I am using Python to import data from large files. There are three columns corresponding to x, y, z data. Each row represents a time at which the data were collected. For example:
importedData = [[1, 2, 3], <--This row: x, y, and z data at time 0.
[4, 5, 6],
[7, 8, 9]];
I want to calculate the variance for each time (row). As far as I know, one way to do this is as follows (if this is not correct, I would appreciate a heads-up):
varPerTimestep = np.var(importedData,axis=1);
Here's my problem. To convince a coworker it works, I would next like to do the same thing, but avoid using np.var.
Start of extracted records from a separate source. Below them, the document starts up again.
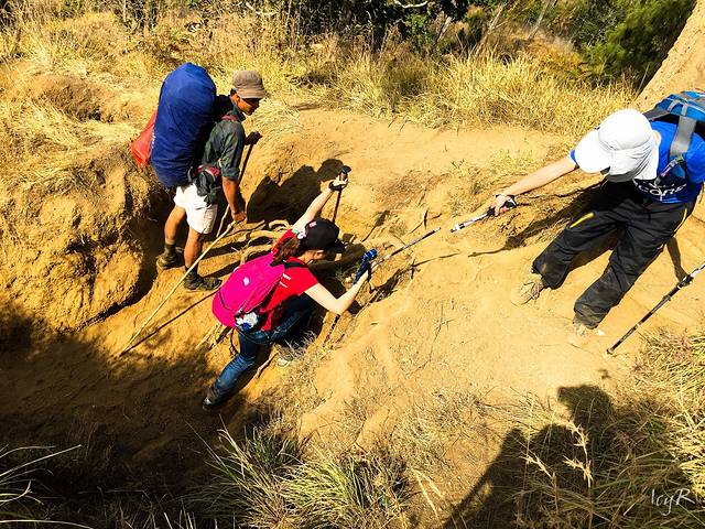 火山灰路段结束后,后面的路并没有想象中轻松,下山走了四个小时,关节已经开始酸痛,每走一步都是煎熬啊。并且脚趾头老是往前窜,还专门买大了一码的鞋,仍然会磨到,疼得不行,基本上每个人都遇到这个问题,所以鞋子一定一定要选好。
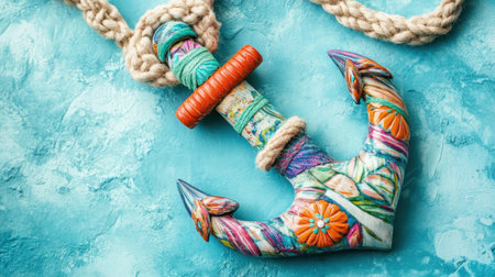 This vibrant decorative anchor art piece features intricate designs and colors, perfect for enhancing nautical-themed interiors and summer vibes.
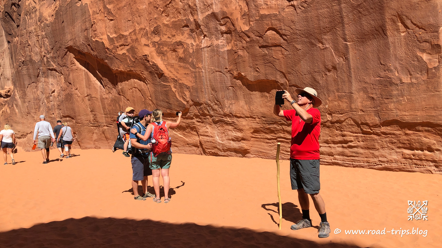 Unter kundiger Leitung des Junior Rangers Elliott machten wir uns auf den Weg in den Arches National Park, um den Broken und Sand Dune Arch zu besichtigen. Im Vergleich zum letzten Besuch (Link) herrschte heute noch mehr Betrieb, und wir hatten Mühe, einen der begehrten Parkplätze zu ergattern. Den letzten freien Platz konnten wir knapp sichern. Nach einer kurzen Stärkung war unser Führer bereit, und es konnte losgehen !
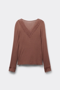 - Лонгслив с V-образным Вырезом из Кружева и Мериносовой Шерсти

This means solving:
Var(S)=(⟨S_bar⋅S_bar⟩−⟨S_bar⟩⟨S_bar⟩)
# S_bar, x, y, z
I'm an intermittent Python user and just can't figure out how to do this for each row. I found a suggestion online but don't know how to adapt the code below so it applies to each row (apologies; can't provide the link because when I do, I get an error that my code is not formatted correctly and I can't post the question; also the reason that some of the code is formatted as quotes below):
def variance(data, ddof=0):
n = len(data)
mean = sum(data) / n
return sum((x - mean) ** 2 for x in data) / (n - ddof)
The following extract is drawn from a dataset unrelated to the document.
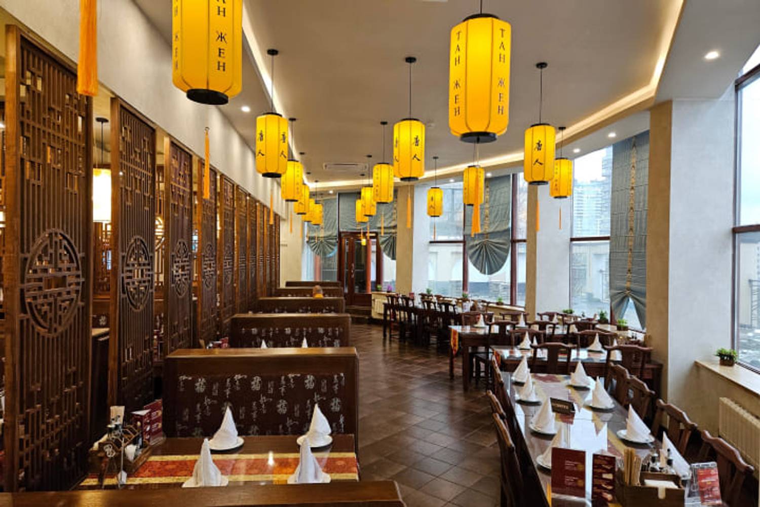 Еда и напитки. В меню — утка по-пекински, свиные ребрышки в соевом соусе, жареные кальмары, а также блюда на раскаленной сковороде и плите тебан, королевские креветки в кисло-сладком соусе, тофу по-домашнему с кусочками свинины. Подача блюд на больших общих тарелках. В баре — саке, китайская водка, сливовое вино, пиво и демократичные европейские вина.

I have tried various things. For example, putting the function in a loop where I first attempted just getting a row average:
for row in importedData:
mean_test = np.mean(importedData,axis=1)
print(mean_test)
This gives me an error I can't figure out:
Traceback (most recent call last): File "<string>", line 13, in <module> TypeError: list indices must be integers or slices, not tuple
I also tried this and get no output because I seem to be stuck in a loop:
n = len(importedData[0,:]) # Trying to get the length of each row. mean = mean(importedData[0,:]) # Likewise trying to get the mean of each row. deviations = [(x - mean) ** 2 for x in importedData] variance = sum(deviations) / n
If anyone could please point me in the right direction, I would be grateful.
Well you could do something like this to make things more explicit:
import numpy as np
importedData = np.arange(1,10).reshape(3,3)
# Get means for each row
means = [row.mean() for row in importedData]
# Calculate squared errors
squared_errors = [(row-mean)**2 for row, mean in zip(importedData, means)]
# Calculate "mean for each row of squared errors" (aka the variance)
variances = [row.mean() for row in squared_errors]
# Sanity check
print(variances)
print(importedData.var(1))
# [0.6666666666666666, 0.6666666666666666, 0.6666666666666666]
# [0.66666667 0.66666667 0.66666667]